Я поворачиваю голову, чтобы посмотреть на него сквозь щель в решетке, и он поворачивается в ответ, наши взгляды встречаются.
— Уходи, — шепчу я.
— Нет.
Я вздыхаю, снова отворачиваюсь и, запрокинув голову, смотрю в потолок. Слезы щиплют у меня за глазами, нижняя губа дрожит, когда события ночи прокручиваются в моей голове.

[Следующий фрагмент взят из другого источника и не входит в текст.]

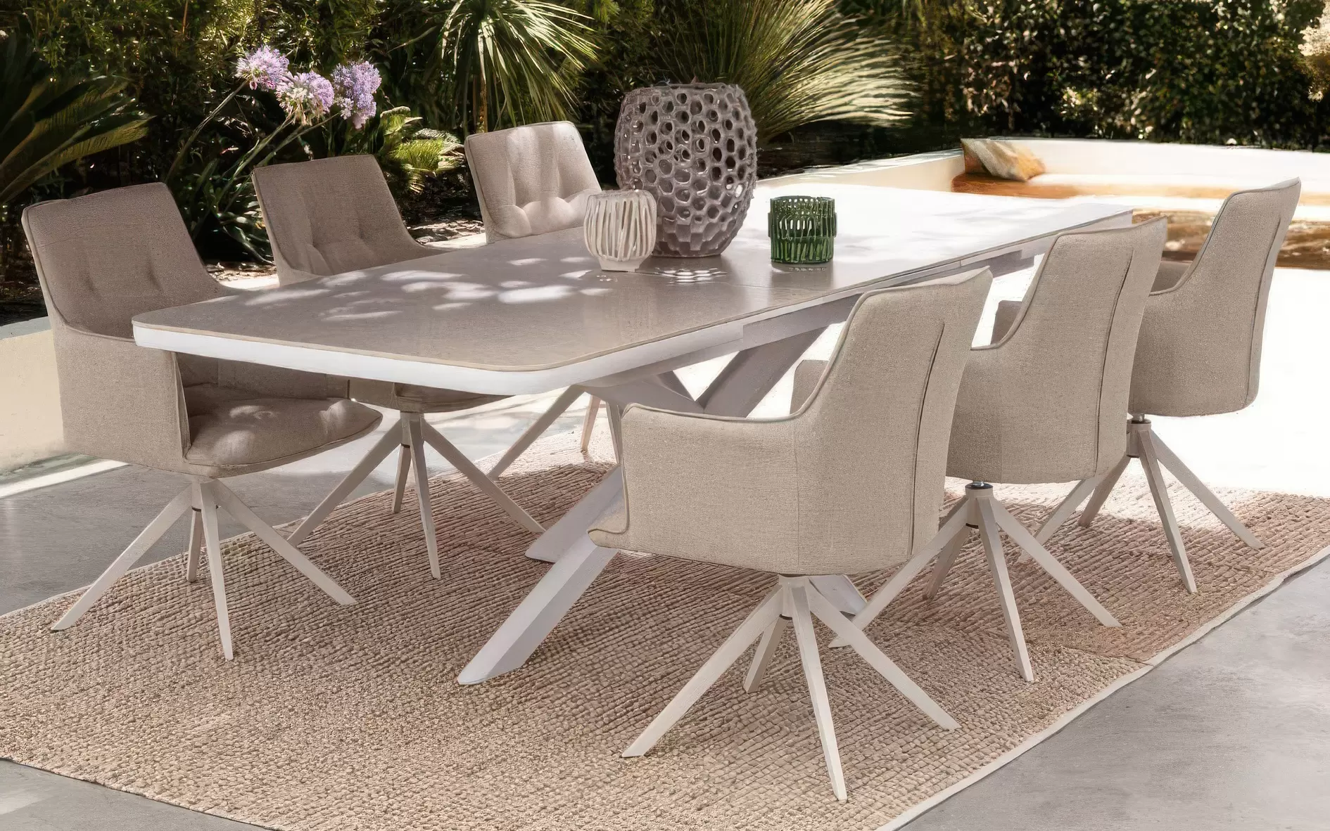 Bizzotto Pascal to luksusowy stół ogrodowy z aluminium, który dzięki inteligentnemu systemowi rozkładania dopasowuje się do Twoich potrzeb w zakresie 200–260 cm. Wykorzystanie technologii malowania proszkowego sprawia, że konstrukcja jest całkowicie odporna na korozję, zmienne temperatury oraz odbarwienia wywołane słońcem (UV). Wyposażony w płynne prowadnice teleskopowe, stół pozwala na błyskawiczne powiększenie jadalni zewnętrznej, zapewniając wygodną przestrzeń dla grupy 10 osób. Szeroki na 100 cm blat oraz stabilny stelaż sprawiają, że model Pascal to synonim włoskiej funkcjonalności, idealnie wpisujący się w aranżacje nowoczesnych ogrodów i przestrzeni typu outdoor dining.
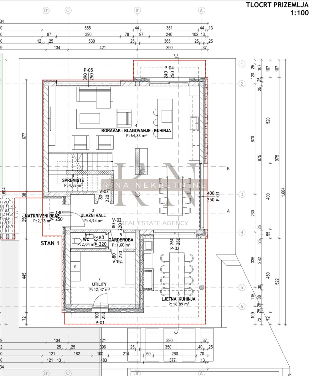Ulaznog prostora sa prostorom za ugradbene ormare, odvojenog gostinjskog wc-a, utility rooma idealnu za odvojeni vešeraj i tehničku sobu, na istoj etaži nalazi se prostrani open space dnevni boravak sa kuhinjom od 64,83m2 (bogata dnevna svjetlost zbog velike stolarije od poda do stropa).
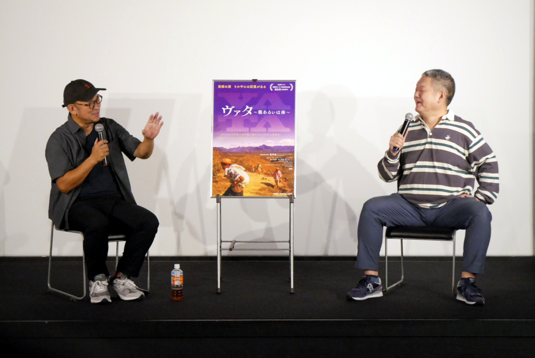 『ヴァタ ~箱あるいは体~』10/7(月)上映後、亀井岳監督の舞台挨拶を開催しました。亀井監督は10代後半からその音楽に魅かれたという“マダガスカル音楽マニア”。映画監督としても前作『ギターマダガスカル』そして本作と、マダガスカルを舞台に作品を制作しています。淡路島くらいの小さな島だと思われていることも多いのですが、実は日本全土の1.6倍ある大きな島国で、インドネシアなどのアジアがルーツであることから、アフリカ大陸の国々よりも親しみやすく居心地が良いと感じる場所だと亀井監督。その音楽にハマったのも、アジア的な和音などの“調和”に魅力を感じたことがきっかけだったそうです。この夏に訪れたというお客さまもいらっしゃいました。
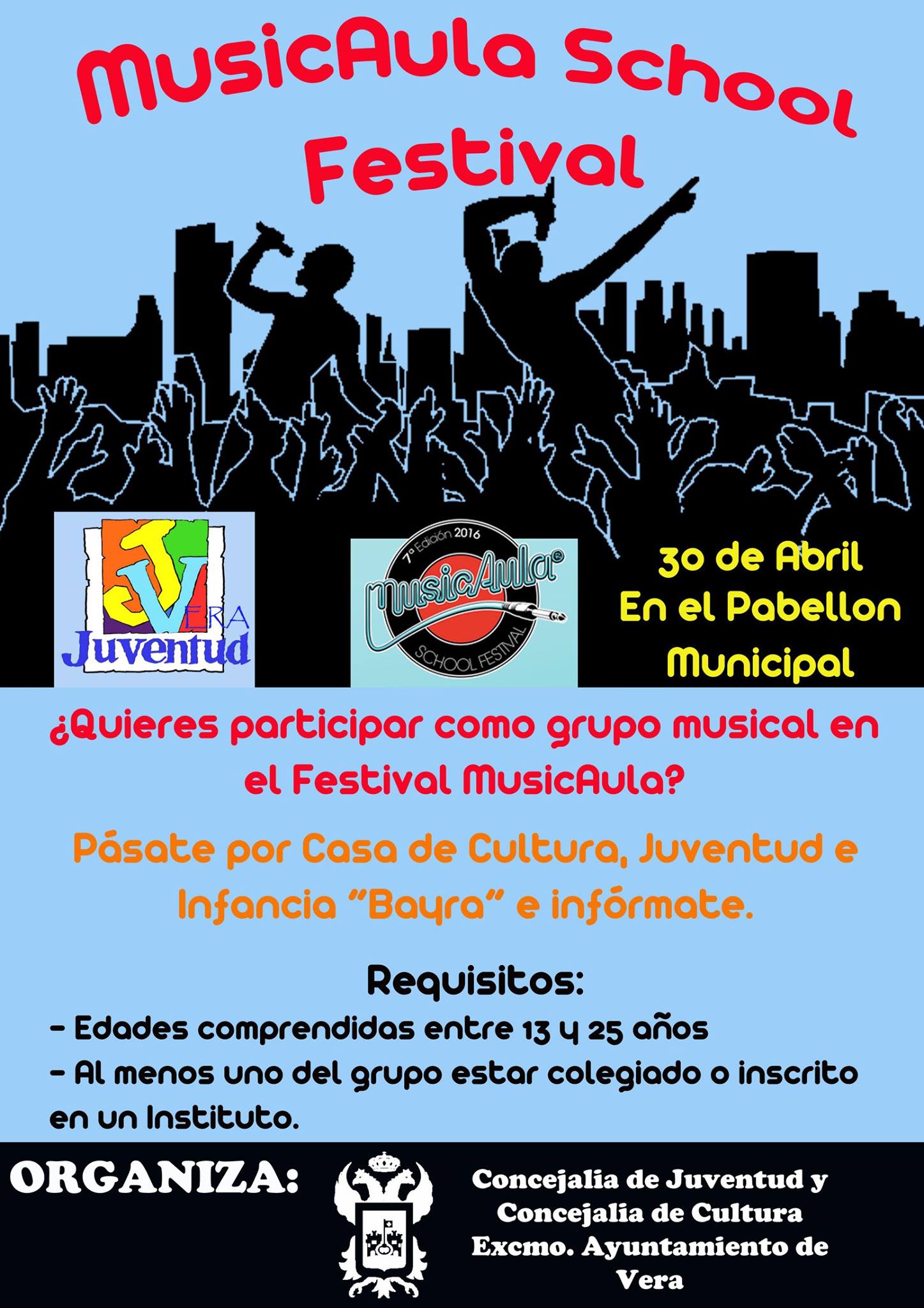 Por su parte, la concejala de Juventud del Ayuntamiento de Vera, Isabel María Belmonte, señalaba que “Vera será la primera sede andaluza de un festival con ámbito nacional. Es, pues, una satisfacción que hayan pensado en Vera para este tipo de festivales. Queremos fomentar el valor de la música en directo y que nuestros jóvenes puedan realizarse y desarrollar sus habilidades”. Ponía de relieve Isabel María Belmonte, que es requisito imprescindible para poder participar en estos eventos que los jóvenes estén inscritos en un centro educativo porque, de este modo, se establece un nexo de unión entre alumnado y profesorado.

— Прости меня, Луна, — бормочет Кэм.
— Эйвери, — выдыхаю я, зажмуривая глаза, чтобы сдержать слезы.
— Что?
— Меня зовут Эйвери.
23
В прошлый раз, когда я проигнорировал внутреннее предчувствие, умер мой лучший друг.

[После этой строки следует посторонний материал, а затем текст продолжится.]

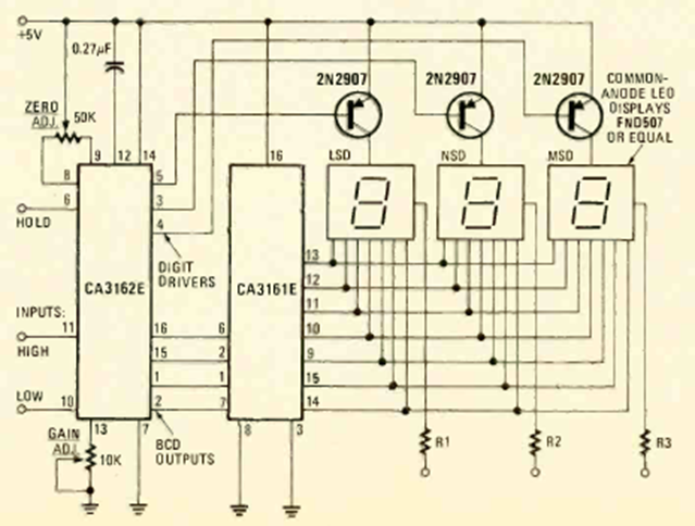 The CA3162E and CA3161E pair were widely used to create a 3-digit digital display. This basic circuit was found in the December 1979 issue of Radio Electronics magazine.
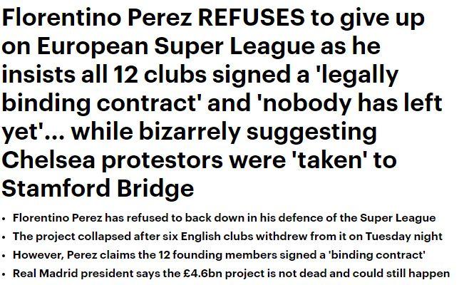 于是,在宣布成立欧超联赛时无比拉风的豪门们陆续退出,有些在声明里没明说退出,也点明了欧超联赛目前不可能实现。欧超联赛在成立了不到两天的时间里土崩瓦解。
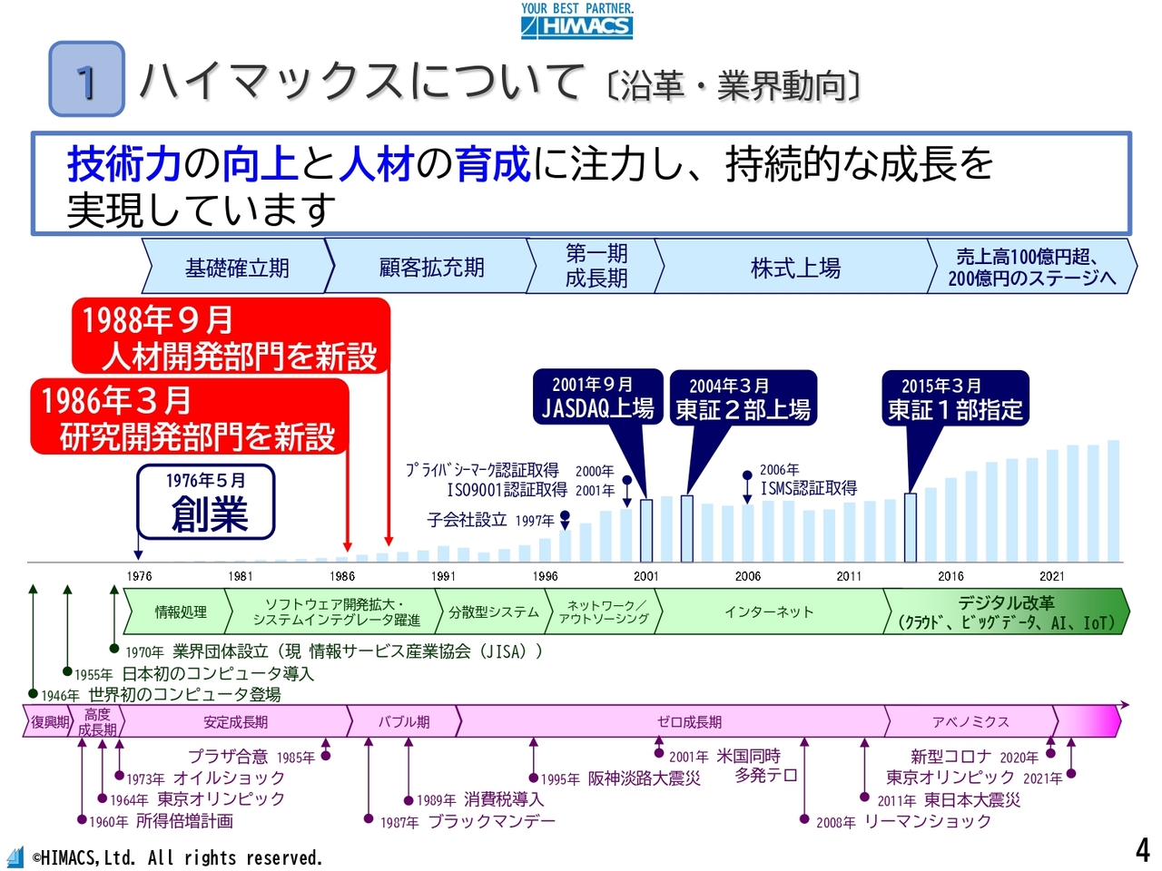 中島:スライドには、情報サービス産業の歩みと社会情勢、当社グループの売上高の推移を示しています。
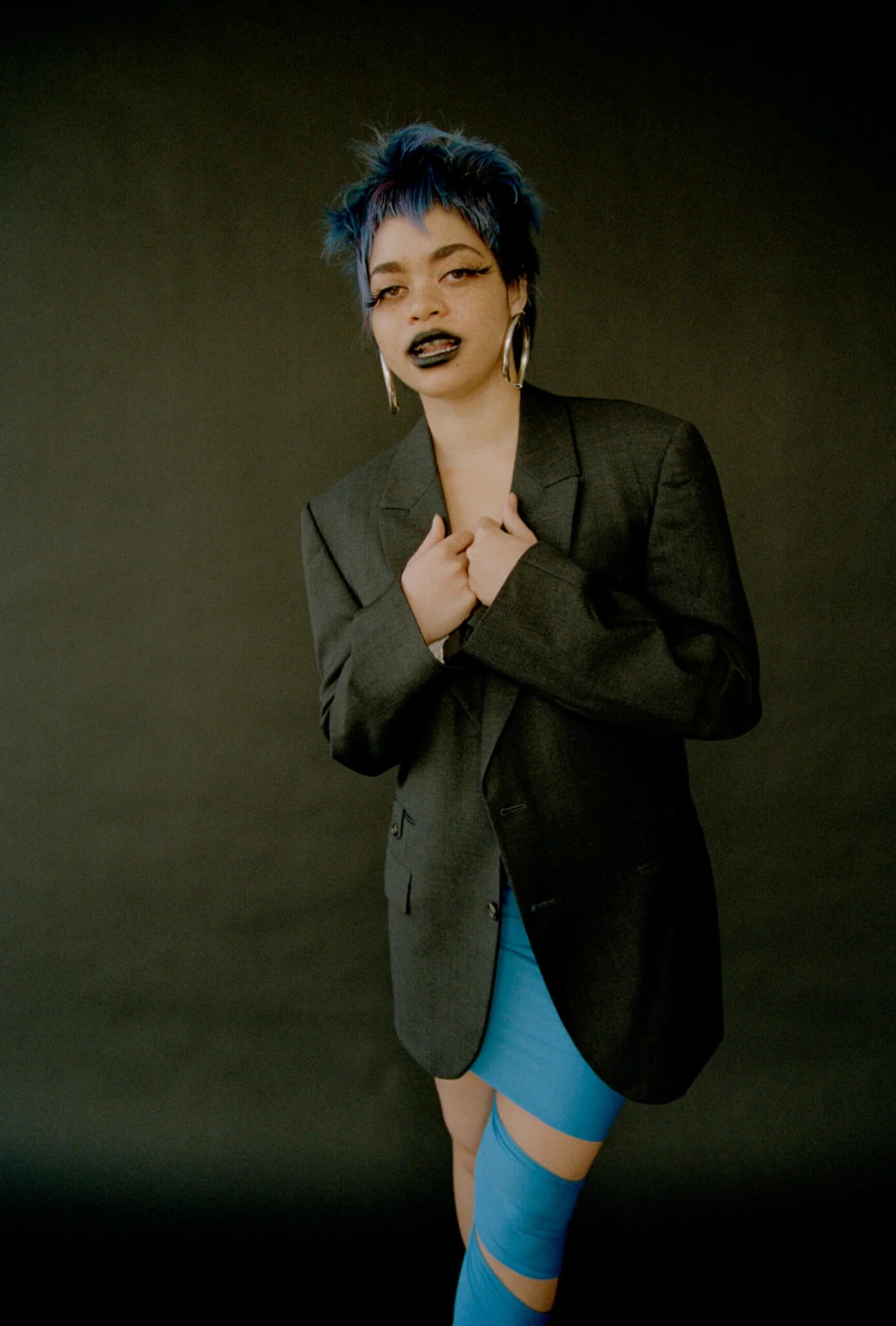 Seashell wears vintage Saint Laurent blazer and vintage earrings
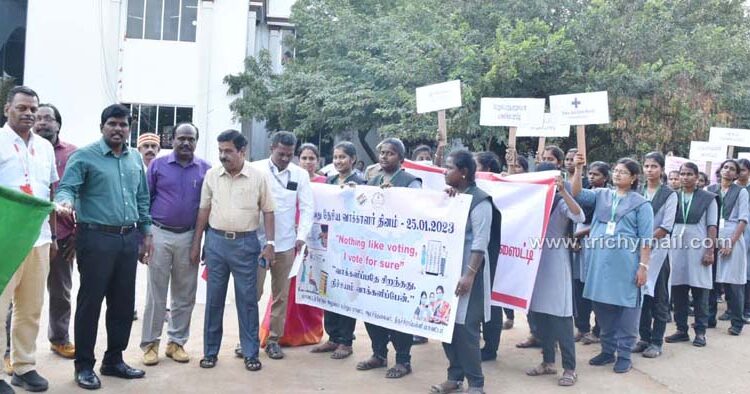 திருச்சி, ஜன.28 தேசிய வாக்காளர் தினம் கடந்த 25- ஆம் தேதி கொண்டாடப்பட்டது. இதனையொட்டி நேற்று மாலை திருச்சி மாவட்ட ஆட்சியர் அலுவலகத்தில் கல்லூரி மாணவ -மாணவிகளின் வாக்காளர் விழிப்புணர்வு ஊர்வலம் நேற்று நடைபெற்றது. மாவட்ட ஆட்சியர் பிரதீப் குமார் ஊர்வலத்தை கொடியசைத்து தொடங்கி வைத்தார். ஊர்வலம் மாவட்ட ஆட்சியர் அலுவலக சாலை வழியாக சென்று நீதிமன்றம் அருகே நிறைவடைந்தது. இதில் மாவட்ட ஆட்சியரின் நேர்முக உதவியாளர் (தேர்தல்) வைத்தியநாதன், தேர்தல் தனி வட்டாட்சியர் முத்துசாமி ஆகியோர் கலந்து கொண்டனர்.

В тот момент, когда мой отец изложил план миссии на последнее полнолуние — отправить две наши команды на север, в то время как мы взяли две другие команды на юг, — у меня появилось неприятное ощущение под ложечкой, что это был неправильный шаг. В глубине души я знал, что должно произойти что-то плохое, но я проигнорировал свои собственные инстинкты. Я промолчал, и мы продолжили выполнение задания. Команды, отправившиеся на север, были перебиты.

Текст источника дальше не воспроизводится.